## INPUT DATA:
• • • • •

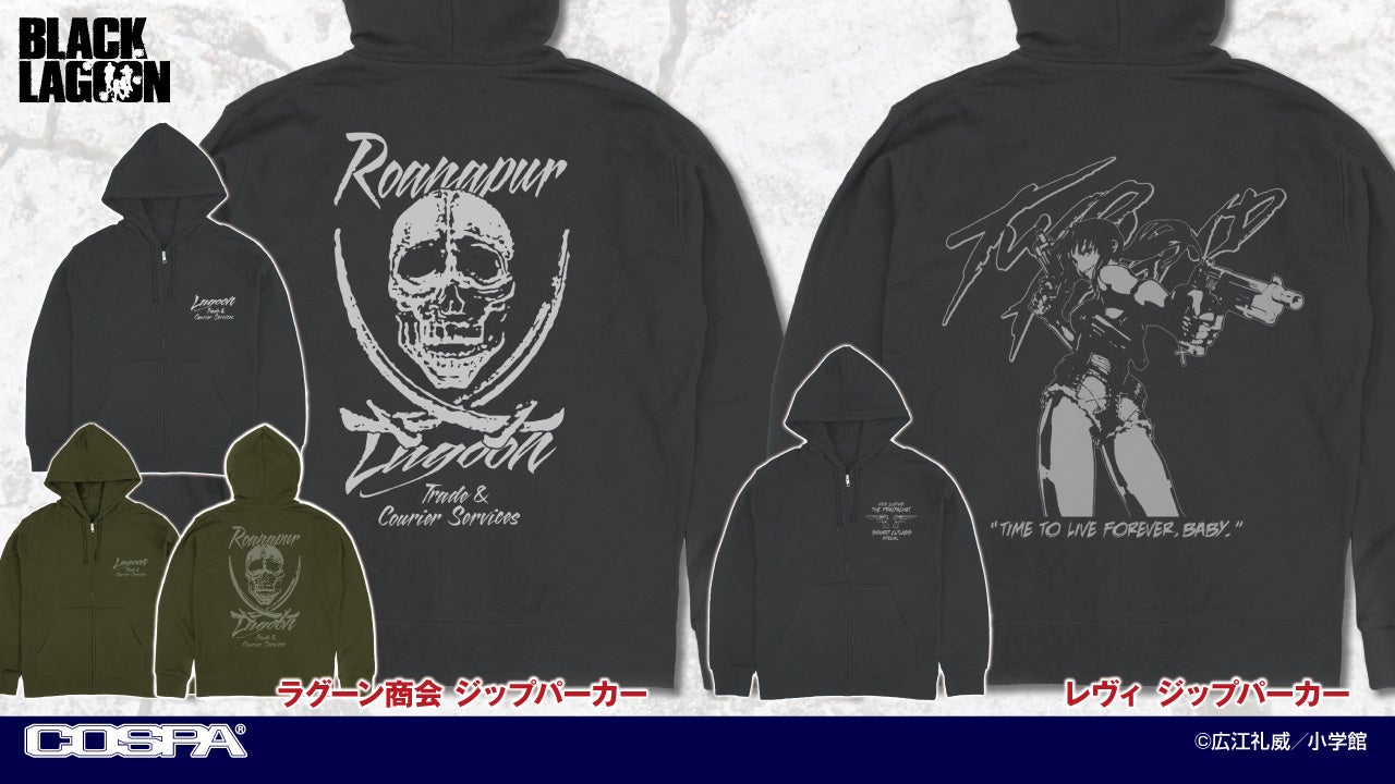 『ブラック・ラグーン』より、「ラグーン商会」「レヴィ」など作品の世界観を楽しめるジップパーカー5種がCOSPA(コスパ)から登場。
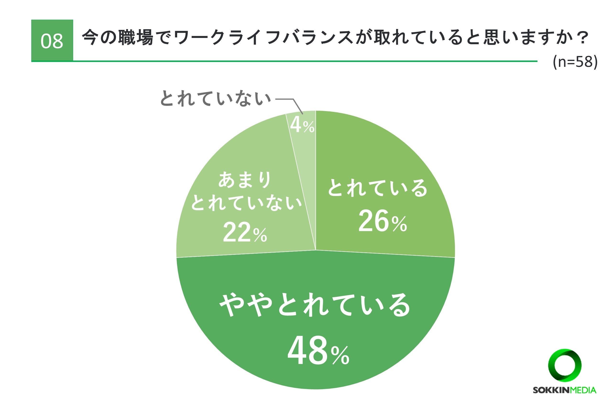 「Q8.今の職場でワークライフバランスが取れていると思いますか?」という問いに対して、「ややとれている」と回答した方が最も多く48%。次いで「とれている」という回答が26%という結果になりました。
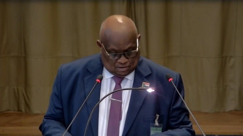 Le ministre soudanais de la justice, Muawia Osman, lors de son allocution devant la Cour internationale de Justice (CIJ), le 10 avril 2025 (capture d'écran).
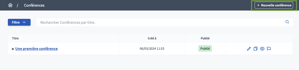 Pour créer une conférence, vous devez vous rendre dans l'onglet "Conférences". Vous accédez alors à la page de gestion des conférences. Appuyez sur "Nouvelle conférence". La fenêtre de configuration d’une conférence s’ouvre.

• • • • •

## WHAT TO PRODUCE:
Would you repeat the listing word for word and skip every picture?

## PROBLEM SOLUTION:
 『ブラック・ラグーン』より、「ラグーン商会」「レヴィ」など作品の世界観を楽しめるジップパーカー5種がCOSPA(コスパ)から登場。
 「Q8.今の職場でワークライフバランスが取れていると思いますか?」という問いに対して、「ややとれている」と回答した方が最も多く48%。次いで「とれている」という回答が26%という結果になりました。
 Le ministre soudanais de la justice, Muawia Osman, lors de son allocution devant la Cour internationale de Justice (CIJ), le 10 avril 2025 (capture d'écran).
 Pour créer une conférence, vous devez vous rendre dans l'onglet "Conférences". Vous accédez alors à la page de gestion des conférences. Appuyez sur "Nouvelle conférence". La fenêtre de configuration d’une conférence s’ouvre.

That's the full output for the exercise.